**EXERCISE GOAL:**
Transcribe the whole listing exactly, but do not carry over its pictures.

**DATA SEGMENT:**
══════════

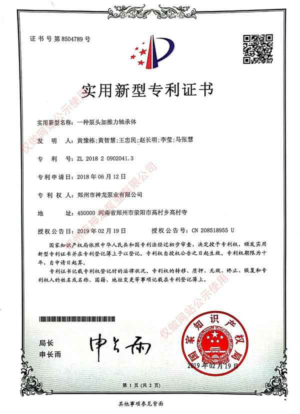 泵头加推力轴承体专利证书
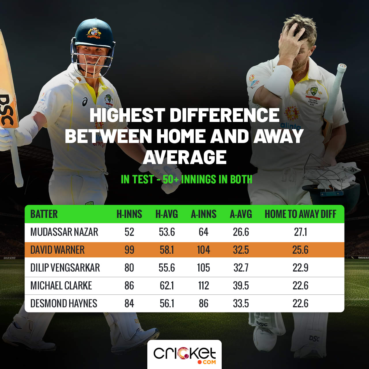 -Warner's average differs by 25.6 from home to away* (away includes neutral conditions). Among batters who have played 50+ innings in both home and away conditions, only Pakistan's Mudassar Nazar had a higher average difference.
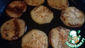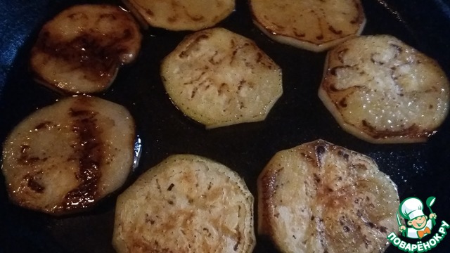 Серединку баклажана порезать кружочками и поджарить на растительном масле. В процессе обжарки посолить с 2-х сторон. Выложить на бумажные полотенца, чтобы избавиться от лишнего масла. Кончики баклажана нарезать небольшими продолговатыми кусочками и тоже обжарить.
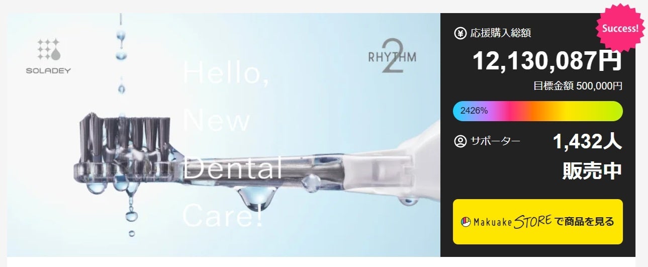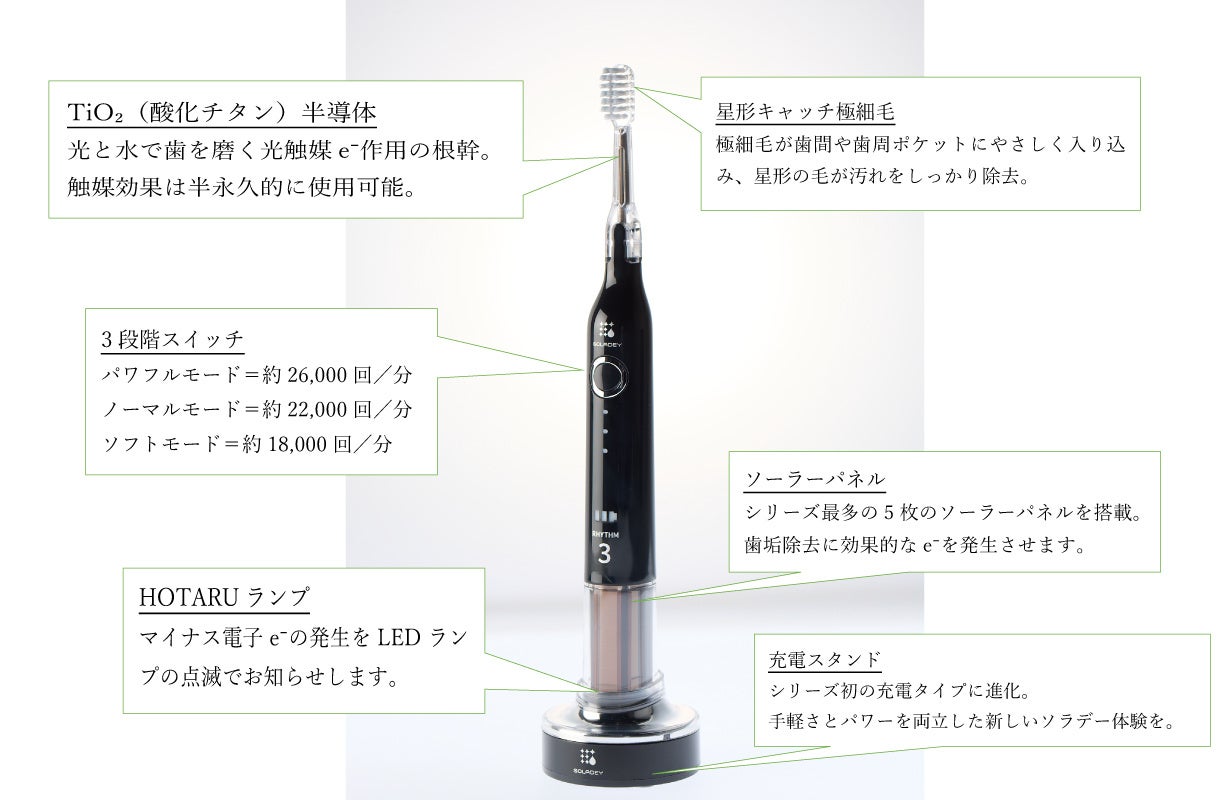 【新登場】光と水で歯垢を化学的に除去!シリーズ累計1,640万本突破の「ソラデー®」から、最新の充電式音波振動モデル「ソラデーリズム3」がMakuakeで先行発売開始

══════════

**ANSWER BELOW:**
 泵头加推力轴承体专利证书
 -Warner's average differs by 25.6 from home to away* (away includes neutral conditions). Among batters who have played 50+ innings in both home and away conditions, only Pakistan's Mudassar Nazar had a higher average difference.
 Серединку баклажана порезать кружочками и поджарить на растительном масле. В процессе обжарки посолить с 2-х сторон. Выложить на бумажные полотенца, чтобы избавиться от лишнего масла. Кончики баклажана нарезать небольшими продолговатыми кусочками и тоже обжарить.
 【新登場】光と水で歯垢を化学的に除去!シリーズ累計1,640万本突破の「ソラデー®」から、最新の充電式音波振動モデル「ソラデーリズム3」がMakuakeで先行発売開始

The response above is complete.